Quote from: "sasquatch" For fuck sakes, SG has some noseless ghoul yjsy#metoo's their wrinkly old hand to a 12 year old natalie portman, has some closet AIDS factory pretending to be a klansman, or some brown motherfucker having the hots for brent's sister and have a pis fetish, and you want to bitch about FT and call it a "butt brothel". lol! if it was, it still would've been a huge upgrade to that dumpster fire you're a part of, and that makes me lol


Would somebody fluent in epilepsy please pm me with a sensible rendition of what this clumsy drool dripping retard is trying to tell me with this capital monstrosity quoted above? Something about "my helmet is making my dumbo ears itch" is all I got. Right. Fuck. Now we have concrete proof of what a bucket of vindaloo sauce, fava beans and a garbage bag filled with airplane glue will do to a mind deprived of oxygen since birth.
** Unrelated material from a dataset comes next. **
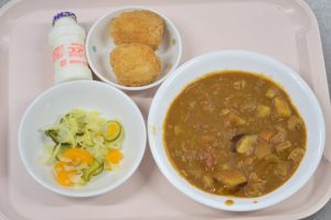 あきのこんさいカレー キャベツのあまずあえ ヨーク(おやつ)むぎちゃ おはぎ

Christ almighty, is there no publicly funded institution in all of Canada capable of protecting you from  yourself? Surely it is only a matter of time before you attempt to insert your keyboard sideways into your mouth whole.



Listen Danny Duck call, this is not the online version of a swamp favela where you can simply say Quack Quack and wind up on some 12 year olds buddy list.  If you're going to attempt to flame me at least do so once you've obtained a commanding grasp of the English language because the types frenetic gibberish which scores you "likes" & "omgs" on Pokemon forums isn't going to quite cut it on a message board visited by persons over the age of 13.

Anonymous

Oh fuck. Fat Danny got smacked into another zipcode  ac_toofunny

Anonymous

These guys from Brawl-hall were supposed to be the cream of the crop flamers and here they are getting mauled like kittens in a dog kennel



Somebody rescue them already!

Berry Sweet


cc

Quote from: "Berry Sweet"Wtf? Where are you posters from?

Somalia?
I really tried to warn y\'all in 49  .. G. Orwell

Berry Sweet

Quote from: "cc"
Quote from: "Berry Sweet"Wtf? Where are you posters from?

Somalia?


Lol, I meant what other forum...they make no sense.

Biggie Smiles

SpazzSquash a.k.a fat Danny does have a difficult time with words. They are new to him. Cut him some slack

Anonymous

Quote from: "Bobba Fat"These guys from Brawl-hall were supposed to be the cream of the crop flamers and here they are getting mauled like kittens in a dog kennel



Somebody rescue them already!

I saw BH. The BH crowd were a bunch of blowhards. I include Bricktop in this too. He was one of the better flamers for sure, but like the rest of them, he thought he was better than he actually was.

Anonymous

Quote from: "Shen Li"
Quote from: "Bobba Fat"These guys from Brawl-hall were supposed to be the cream of the crop flamers and here they are getting mauled like kittens in a dog kennel



Somebody rescue them already!

I saw BH. The BH crowd were a bunch of blowhards. I include Bricktop in this too. He was one of the better flamers for sure, but like the rest of them, he thought he was better than he actually was.

I registered at SG, but I haven't posted yet. What I notice about flame forums is that's all about the poster and not the post itself. This is the exact opposite reason why I post on forums.